Personal information
- Full name: Aleksandar Ribić
- Date of birth: 25 March 1982 (age 43)
- Place of birth: Belgrade, Serbia, Yugoslavia
- Position: Forward

Team information
- Current team: MFPA (veterans)

Senior career*
- Years: Team / Apps / (Gls)
- 2008-2009: White Eagles
- 2009–2010: Radnički Sombor
- 2010–2011: Naxxar Motors
- 2011–2012: ZC Excess RP Bidnija
- 2012–2013: Balzan
- 2013–2014: Pembroke Athleta
- 2014–2015: Lija Athletic
- 2015–2018: Kirkop United
- 2015-2017: Sliema
- 2019-2020: Wardija (veterans)
- 2020-: MFPA (veterans)

= Aleksandar Ribić =

Georgian footballer

Aleksandar Ribić (Александар Рибић, /sr/; born 25 March 1982 is a Serbian footballer and futsal player who plays as forward, currently playing for MFPA of the VMFA League (veterans). In Malta, he is known as Alex and Alexander Ribic.

==Career==

After winning the 2008–09 title with White Eagles, Aleksandar Ribić was voted Best Futsal Player. Soon after it, he was the White Eagles's top scorer with 5 goals in 3 matches at the Preliminary round of the 2009–10 UEFA Futsal Cup held in August 2009 in Kaunas, the capital of Lithuania.

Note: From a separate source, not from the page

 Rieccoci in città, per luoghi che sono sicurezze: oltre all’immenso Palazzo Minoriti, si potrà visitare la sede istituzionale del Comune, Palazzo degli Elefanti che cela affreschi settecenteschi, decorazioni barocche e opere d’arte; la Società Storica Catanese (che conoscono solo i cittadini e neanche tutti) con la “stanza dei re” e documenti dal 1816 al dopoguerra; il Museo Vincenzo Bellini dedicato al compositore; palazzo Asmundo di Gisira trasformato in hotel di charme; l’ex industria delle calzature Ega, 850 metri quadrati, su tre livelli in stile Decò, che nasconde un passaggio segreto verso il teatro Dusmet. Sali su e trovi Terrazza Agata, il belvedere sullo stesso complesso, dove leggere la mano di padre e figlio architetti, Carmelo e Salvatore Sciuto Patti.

In the opening match held at the S. Darius and S. Girenas Sport Center, the Maltese side equalized three times through two goals from Ribić and one from Milijić before finally going down 4–3 to KF Tirana. Despite two hat-tricks, from Ribić and Mijailović, the Maltese side suffered a 7–9 defeat to Nautara from Kaunas.

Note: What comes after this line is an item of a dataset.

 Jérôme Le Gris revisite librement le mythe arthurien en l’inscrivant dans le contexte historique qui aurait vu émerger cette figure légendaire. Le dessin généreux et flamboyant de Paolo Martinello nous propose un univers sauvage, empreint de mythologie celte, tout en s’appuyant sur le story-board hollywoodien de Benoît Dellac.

After a brief spell with Radnički in the Serbian First Division, Ribić returned to playing futsal in Malta. After playing futsal for Naxxar Motors, ZC Excess RP Bidnija, and Balzan, Ribić alternated between outdoor football — representing Pembroke Athleta and Kirkop United — and futsal with Lija Athletic and Sliema. Since 2020, he has played for MFPA in the local veterans league.

==Awards==

Besides receiving the award for Best Futsal First Division Player in the 2008–09 season, Ribić was two times the First Division top goalscorer, in 2009–10 title as a member of Naxxar Motors Futsal and two years later when he scored 40 goal as a member of ZC Excess RP Bidnija.